:: Recorded information ::
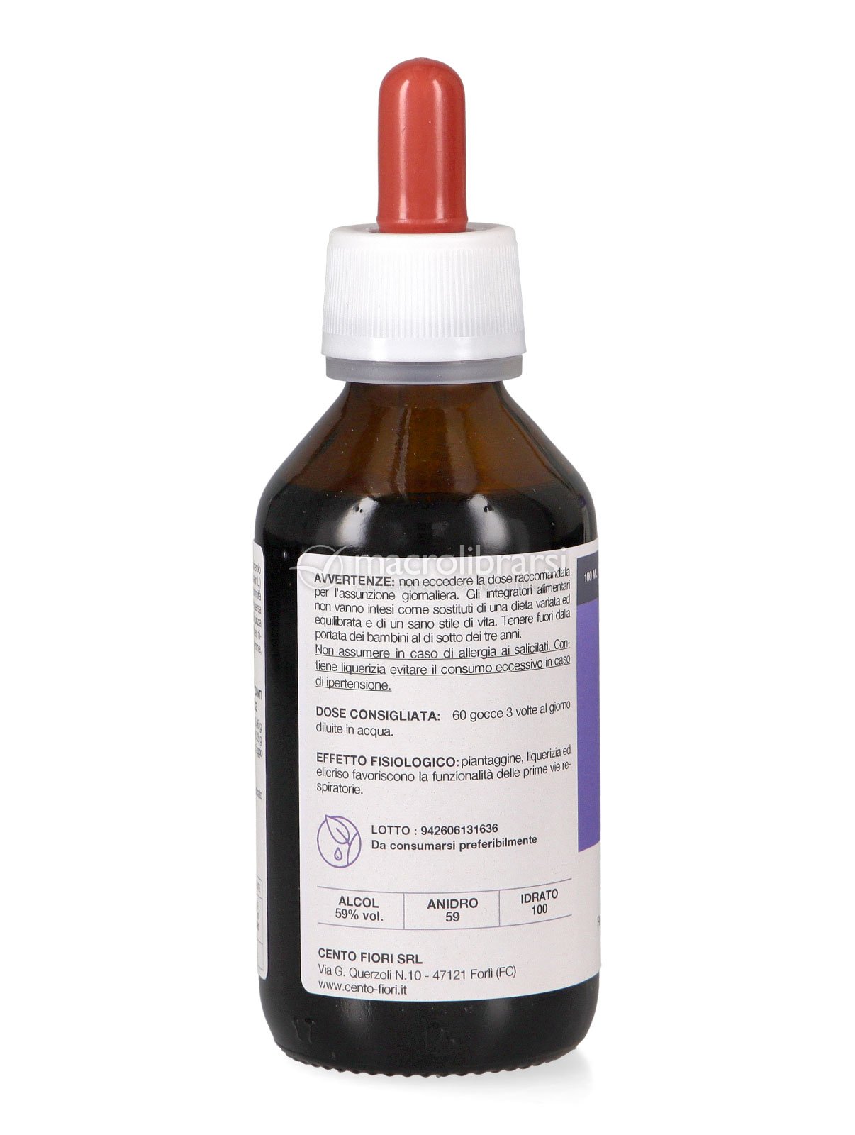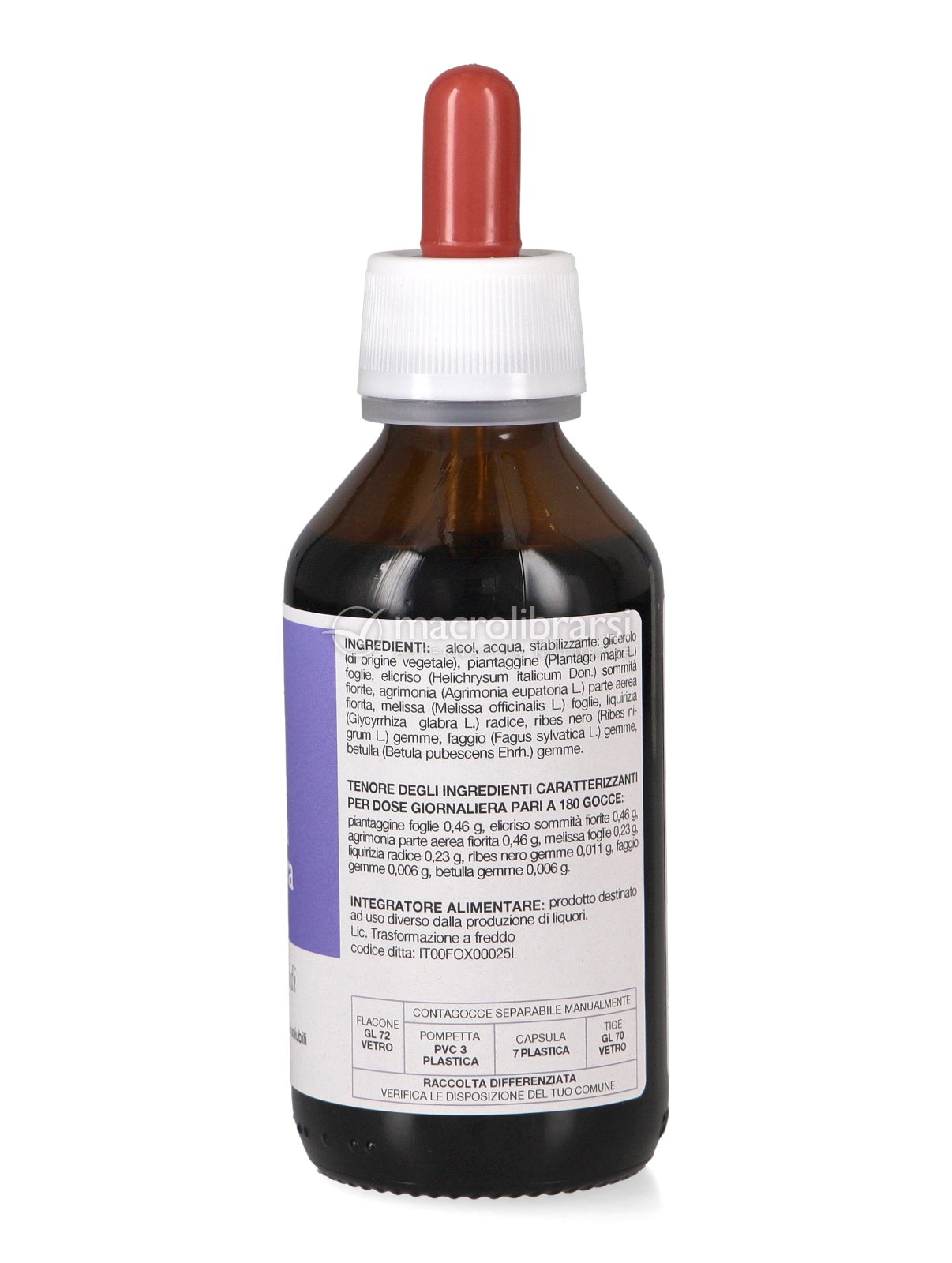 | Disclaimer | Non superare la dose giornaliera consigliata. Gli integratori alimentari non vanno intesi come sostituti di una dieta variata ed equilibrata. Tenere fuori dalla portata dei bambini al di sotto dei tre anni. Non utilizzare in gravidanza e nei bambini o comunque per periodi prolungati senza sentire il parere del medico. Conservare in luogo asciutto e lontano da fonti di calore. Richiudere la confezione dopo l'uso. Macrolibrarsi ricorda l'importanza di seguire uno stile di vita sano e un'alimentazione variata ed equilibrata. |
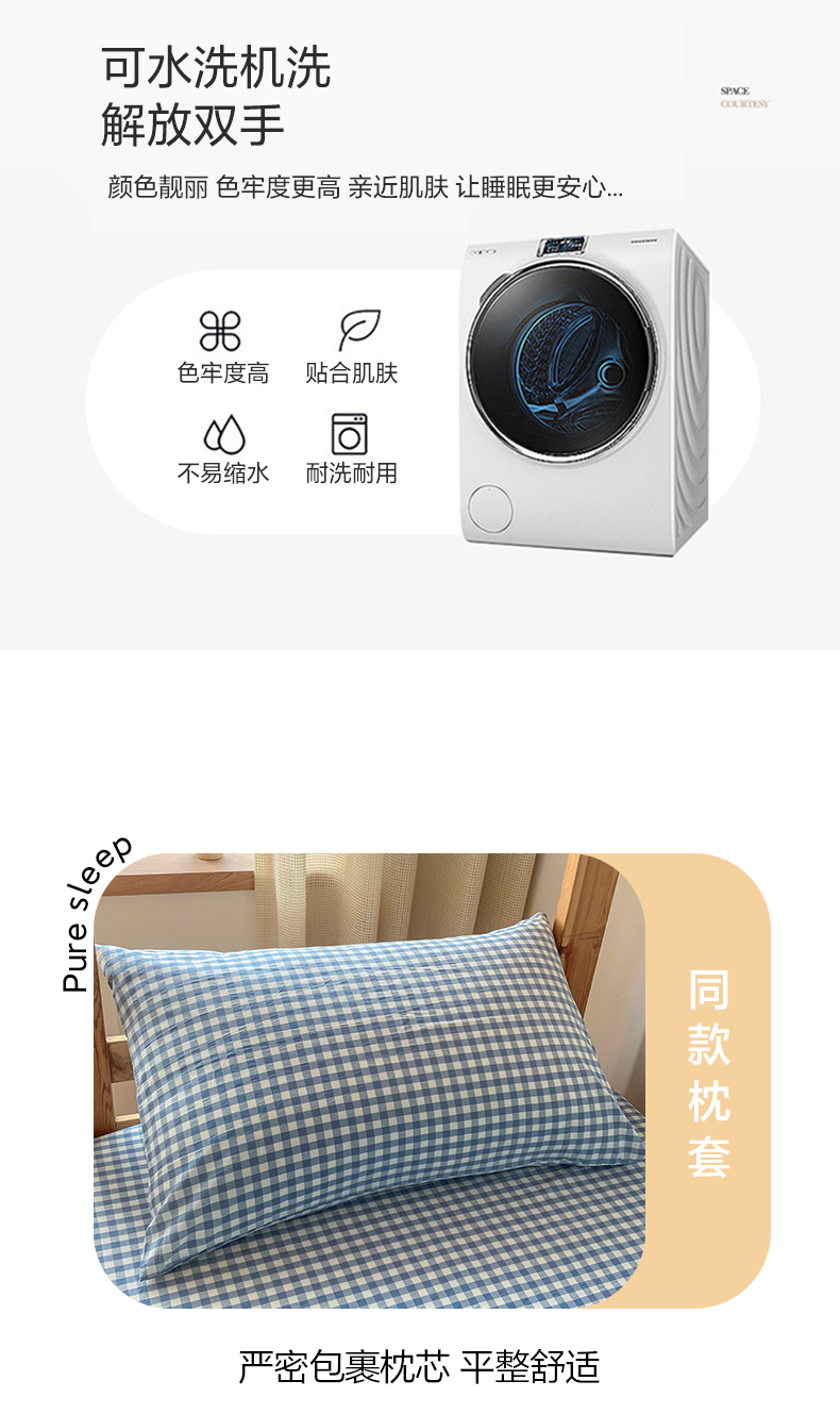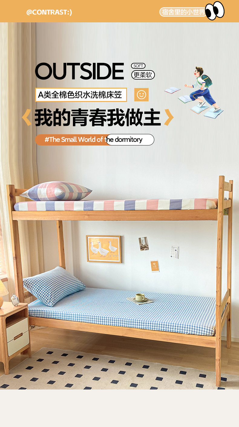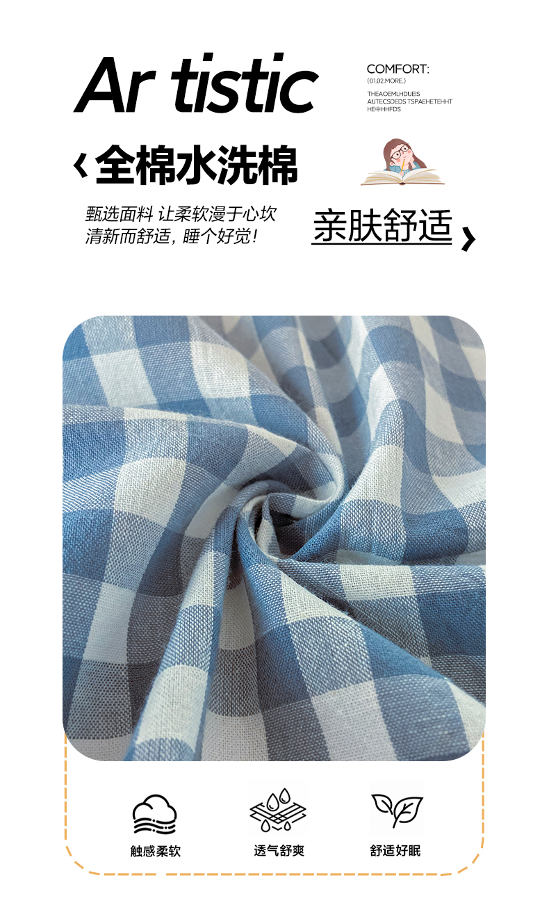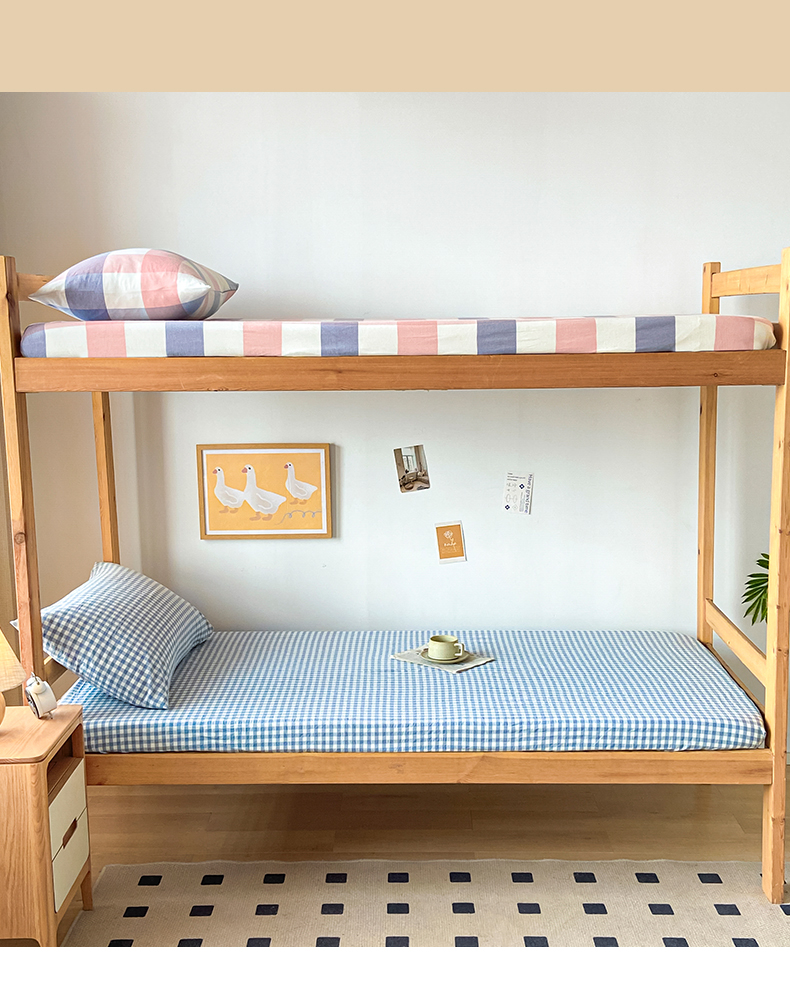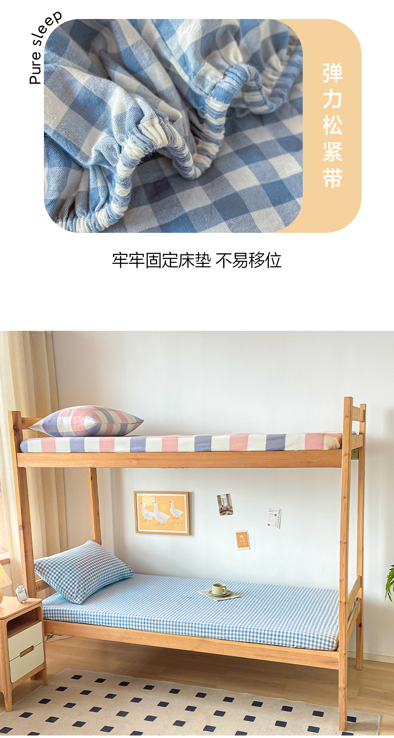 • 91家纺网 家纺一手货源 找家纺 卡伦家纺 2025新款全棉色织水洗棉单层宿舍学生床笠 浅蓝小格
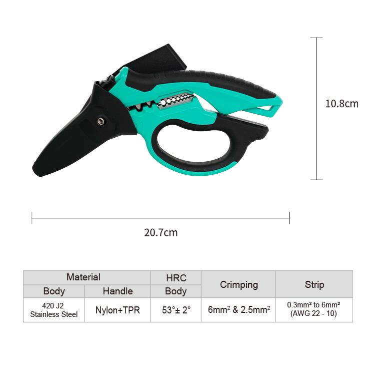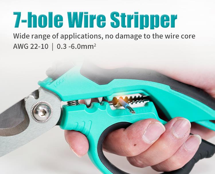 Функции инструмента для зачистки проводов между ручками: сечение от 0,3 мм² до 6 мм² (AWG 22-10).
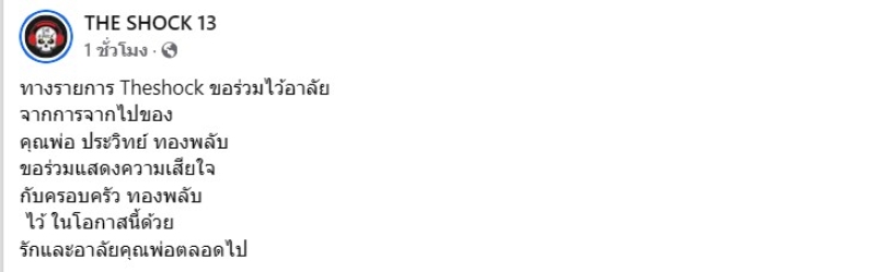 ขอแสดงความเสียใจด้วยนะคะ ล่าสุด ได้มีข่าวเศร้า เมื่อทาง เพจ THE SHOCK 13 ได้ออกมาเผยว่า ทางรายการ Theshock ขอร่วมไว้อาลัย จากการจากไปของ คุณพ่อ ประวิทย์ ทองพลับ ขอร่วมแสดงความเสียใจ กับครอบครัว ทองพลับ ไว้ ในโอกาสนี้ด้วย รักและอาลัยคุณพ่อตลอดไป
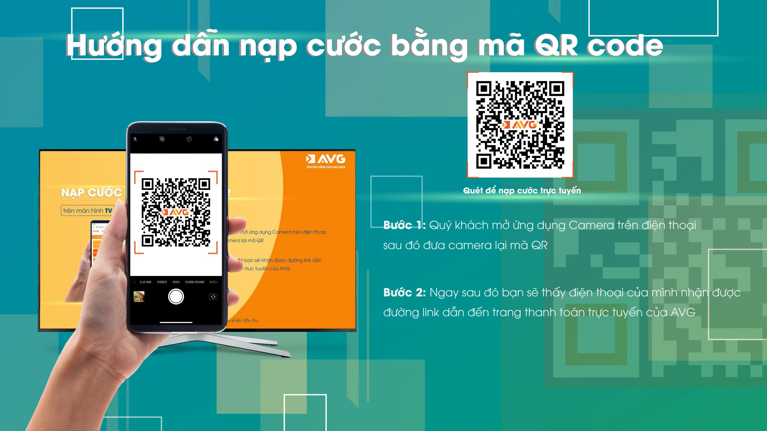 Không nằm ngoài xu hướng phát triển đó, AVG đã áp dụng công nghệ quét mã QR để phục vụ các thuê bao thanh toán cước hàng tháng tiện lợi hơn. Tính năng này cho phép khách hàng AVG thực hiện các giao dịch thanh toán cước từ xa, tại nhà, bất cứ lúc nào, thông qua việc quét ảnh mã QR Code được cung cấp tại Kênh 1 của Truyền hình AVG.
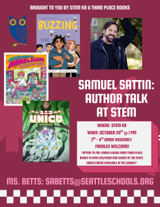 Author Samuel Sattin will be visiting STEM October 20th @ 1 pm, during the 3rd-8th grade assembly. Families are welcome to join!
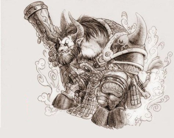 9张关于牛魔王的纹身手稿图案线稿
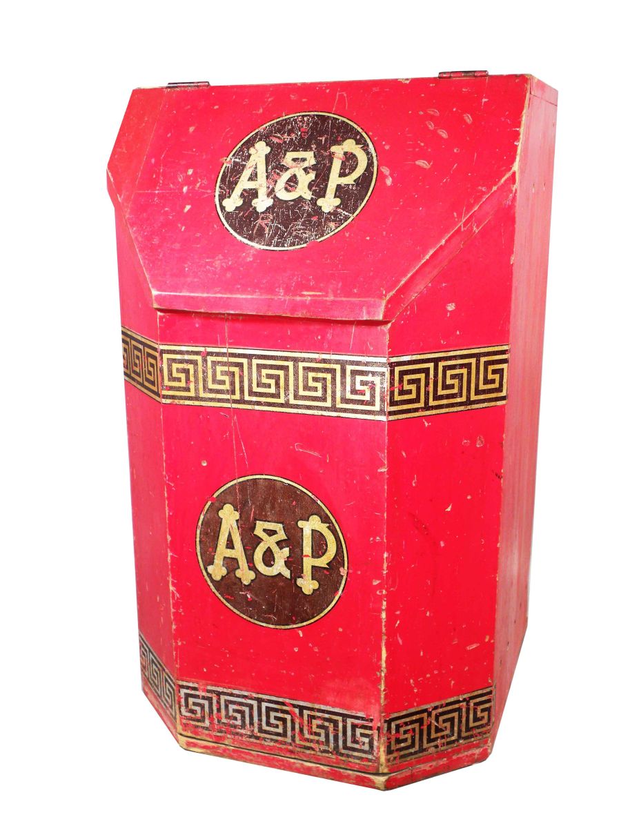 A & P Store Wood Coffee Bin. Original paint, some noticeable scratches otherwise good condition. 18 X 30 X 18 inches.
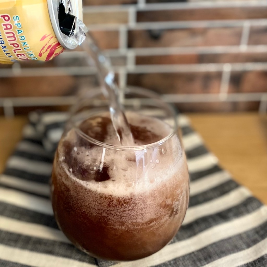To make the spritzer, all you need is 1 tablespoon of Elderberry Syrup, ice, and sparkling water. Simply place the Elderberry Syrup at the bottom of your glass, and top with ice. From there, fill your glass with sparkling water. It is the perfect year-round immune-boosting and yummy treat! If you want to take your spritzer to the next level, add a garnish of lemon, fresh mint, or fresh rosemary.
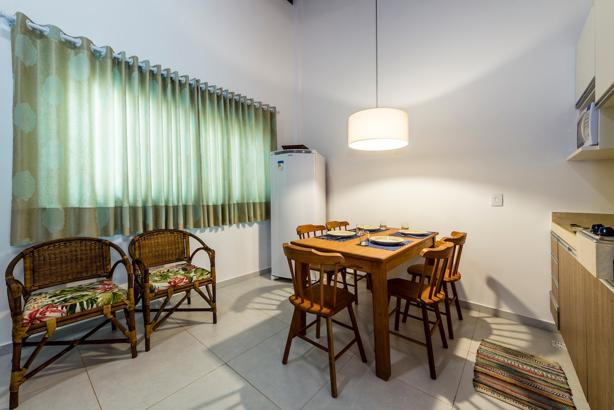 Casa Céu combines elegance, comfort and lightness in spacious, bright and naturally ventilated environments. The suite offers a queen-size bed, air conditioning, a closet, a bathroom with a hot shower, and an exclusive workspace. The spacious kitchen integrates harmoniously into the house, and the dining room at night takes on a romantic atmosphere. The highlight is the outdoor area, with a bathtub surrounded by a beautiful garden, perfect for relaxing and connecting deeply with nature.
:::
### [What you have to do]
Leaving out the pictures, reproduce the whole listing above exactly.

### [Response]
 | Disclaimer | Non superare la dose giornaliera consigliata. Gli integratori alimentari non vanno intesi come sostituti di una dieta variata ed equilibrata. Tenere fuori dalla portata dei bambini al di sotto dei tre anni. Non utilizzare in gravidanza e nei bambini o comunque per periodi prolungati senza sentire il parere del medico. Conservare in luogo asciutto e lontano da fonti di calore. Richiudere la confezione dopo l'uso. Macrolibrarsi ricorda l'importanza di seguire uno stile di vita sano e un'alimentazione variata ed equilibrata. |
 • 91家纺网 家纺一手货源 找家纺 卡伦家纺 2025新款全棉色织水洗棉单层宿舍学生床笠 浅蓝小格
 Функции инструмента для зачистки проводов между ручками: сечение от 0,3 мм² до 6 мм² (AWG 22-10).
 ขอแสดงความเสียใจด้วยนะคะ ล่าสุด ได้มีข่าวเศร้า เมื่อทาง เพจ THE SHOCK 13 ได้ออกมาเผยว่า ทางรายการ Theshock ขอร่วมไว้อาลัย จากการจากไปของ คุณพ่อ ประวิทย์ ทองพลับ ขอร่วมแสดงความเสียใจ กับครอบครัว ทองพลับ ไว้ ในโอกาสนี้ด้วย รักและอาลัยคุณพ่อตลอดไป
 Không nằm ngoài xu hướng phát triển đó, AVG đã áp dụng công nghệ quét mã QR để phục vụ các thuê bao thanh toán cước hàng tháng tiện lợi hơn. Tính năng này cho phép khách hàng AVG thực hiện các giao dịch thanh toán cước từ xa, tại nhà, bất cứ lúc nào, thông qua việc quét ảnh mã QR Code được cung cấp tại Kênh 1 của Truyền hình AVG.
 Author Samuel Sattin will be visiting STEM October 20th @ 1 pm, during the 3rd-8th grade assembly. Families are welcome to join!
 9张关于牛魔王的纹身手稿图案线稿
 A & P Store Wood Coffee Bin. Original paint, some noticeable scratches otherwise good condition. 18 X 30 X 18 inches.
To make the spritzer, all you need is 1 tablespoon of Elderberry Syrup, ice, and sparkling water. Simply place the Elderberry Syrup at the bottom of your glass, and top with ice. From there, fill your glass with sparkling water. It is the perfect year-round immune-boosting and yummy treat! If you want to take your spritzer to the next level, add a garnish of lemon, fresh mint, or fresh rosemary.
 Casa Céu combines elegance, comfort and lightness in spacious, bright and naturally ventilated environments. The suite offers a queen-size bed, air conditioning, a closet, a bathroom with a hot shower, and an exclusive workspace. The spacious kitchen integrates harmoniously into the house, and the dining room at night takes on a romantic atmosphere. The highlight is the outdoor area, with a bathtub surrounded by a beautiful garden, perfect for relaxing and connecting deeply with nature.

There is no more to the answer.